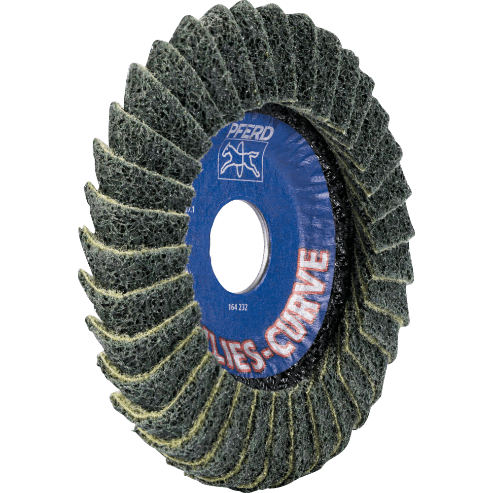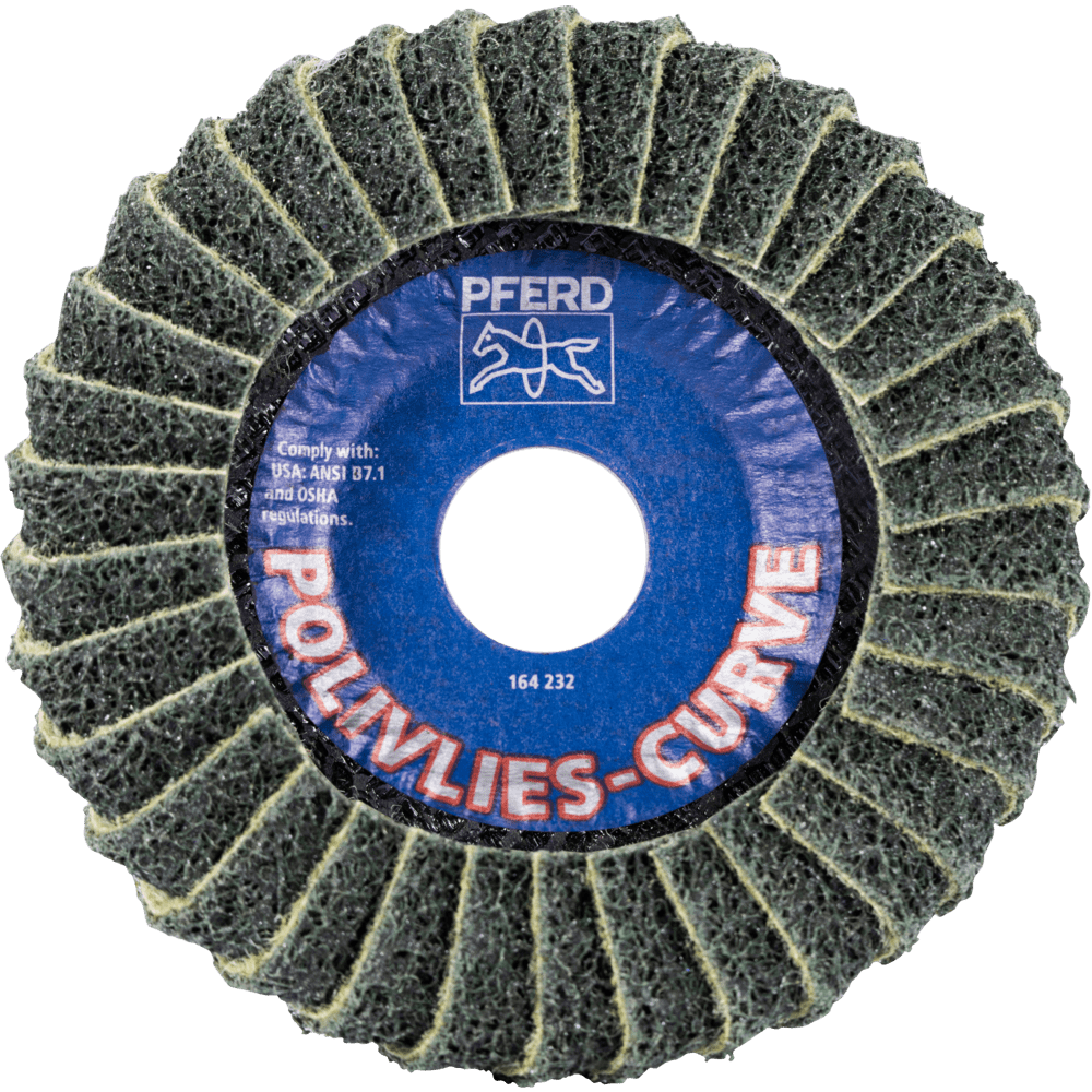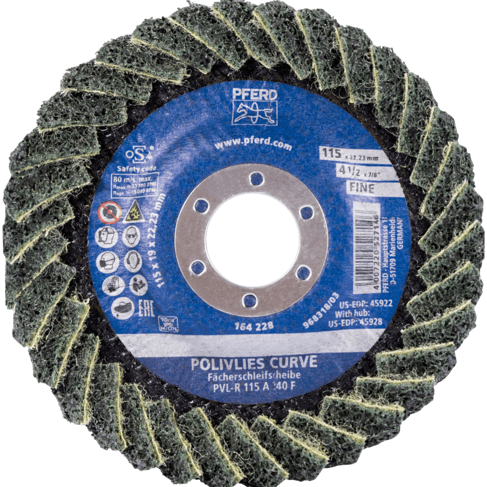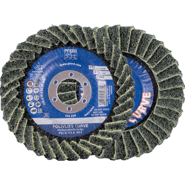 Pre všeobecné aplikácie hrubého až jemného brúsenia v priemysle a profesionálnych remeslách. Verzia Curve sa môže používať na brúsiacej strane, ako aj na zadnej strane a na rádiuse. POLIVLIES lamelový kotúč PVL-R bol špeciálne vyvinutý na prácu na rohových zvaroch. Je to jediný lamelový kotúč na svete, ktorý má lamely na brúsiacej strane, na zadnej strane a na rádiuse. Lamelový kotúč POLIVLIES PVL-R od PFERD TOOLS je patentovaný v mnohých krajinách po celom svete. POLIVLIES zrnitosť 240 F = jemná (modrá)
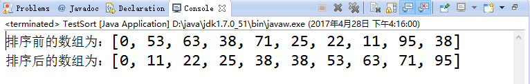 如果要进行比较可已加入时间,输出排序时间,从而比较各个排序算法的优缺点,这里不再做介绍。
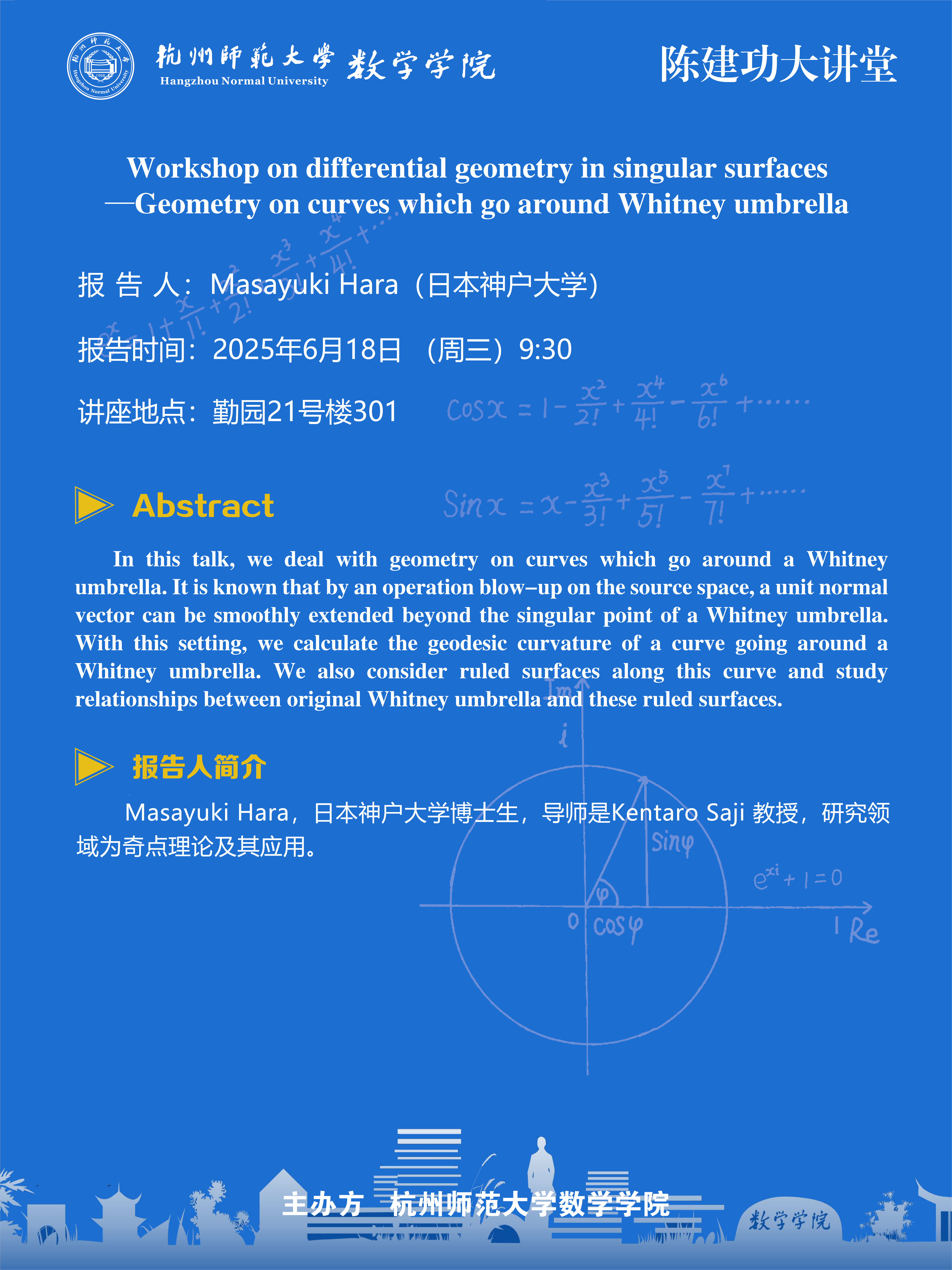 陈建功大讲堂(2025-53):Workshop on differential geometry in singular surfaces— Geometry on curves which go around Whitney umbrella
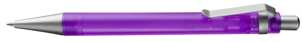 Druckkugelschreiber mit transparent gefrostetem oder gedecktem Gehäuse. Metalldrücker, Metallclip und Metallspitze matt verchromt.

§ **Problem details**:
Each line of the material above should be set down exactly, with no pictures.

§ **Output of the exercise**:
 Pre všeobecné aplikácie hrubého až jemného brúsenia v priemysle a profesionálnych remeslách. Verzia Curve sa môže používať na brúsiacej strane, ako aj na zadnej strane a na rádiuse. POLIVLIES lamelový kotúč PVL-R bol špeciálne vyvinutý na prácu na rohových zvaroch. Je to jediný lamelový kotúč na svete, ktorý má lamely na brúsiacej strane, na zadnej strane a na rádiuse. Lamelový kotúč POLIVLIES PVL-R od PFERD TOOLS je patentovaný v mnohých krajinách po celom svete. POLIVLIES zrnitosť 240 F = jemná (modrá)
 如果要进行比较可已加入时间,输出排序时间,从而比较各个排序算法的优缺点,这里不再做介绍。
 陈建功大讲堂(2025-53):Workshop on differential geometry in singular surfaces— Geometry on curves which go around Whitney umbrella
 Druckkugelschreiber mit transparent gefrostetem oder gedecktem Gehäuse. Metalldrücker, Metallclip und Metallspitze matt verchromt.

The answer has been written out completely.